Similarly, as government operators may not constrain understudies’ free discourse rights other than by the confinements talked about above, they additionally may not expect understudies to embrace a conviction or perspectives. The Constitution ‘secures the resident against the State itself and many of its creaturesBoards of Education not excepted,’ government funded instruction must not be ‘fanatic or foe of any class, ideology, gathering, or group.’ Id. at 637.
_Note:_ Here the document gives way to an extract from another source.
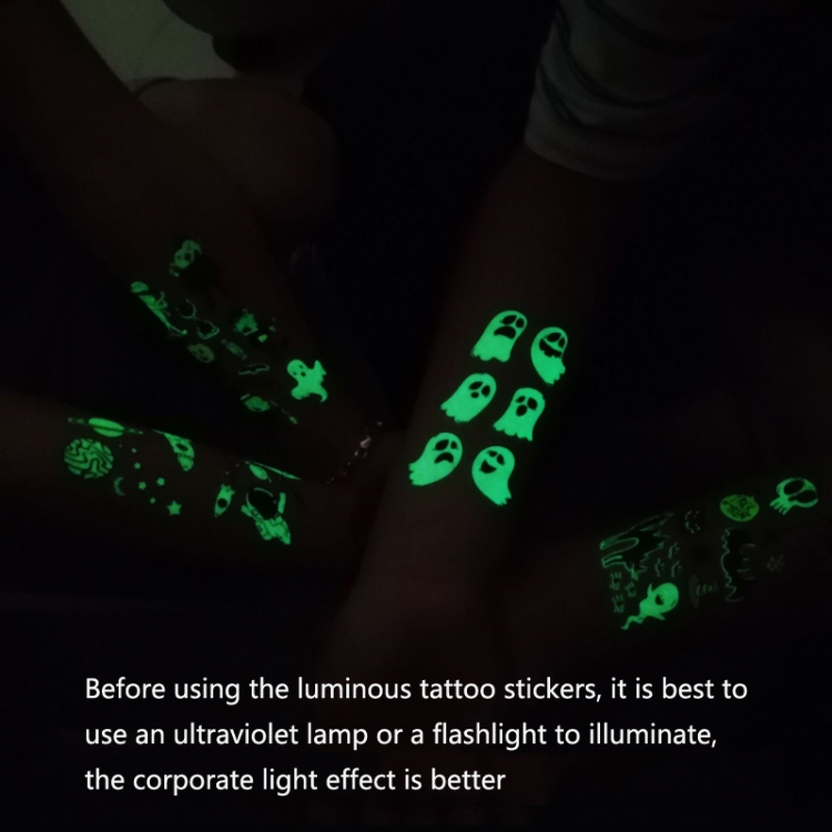 9. Note: before using the luminous tattoo stickers, it is use an ultraviolet lamp or a flashlight to illuminate, luminous effect is better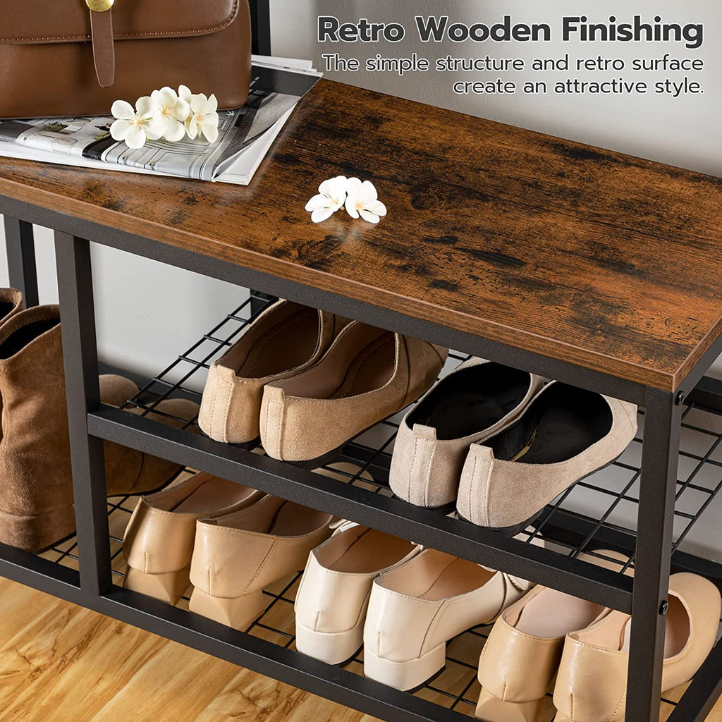 Retro Industrial Appearance: Rustic retro panels, black metal frame constructs this multifunctional coat rack shoe bench, to meet storage functions and artistic needs. The retro and minimalist design gives a sense of elegance, and it can be well matched with your home and office.

Id. at 642. Hence, councils and educational committees may not, without disregarding the Constitution, expect understudies to talk, accept, or receive any perspective.

Conclusion

Kylie Smiths case on protesting against gun violence while selling t-shirts does not violate Kylies First Amendment rights under the Constitution and Statute. Kylie is not violating any laws and is not being disruptive or promoting any drugs and there is no use of vulgar language.

The fact that she lost a scholarship just adds to Kylies case of what she could have accomplished in Kylies future endeavors.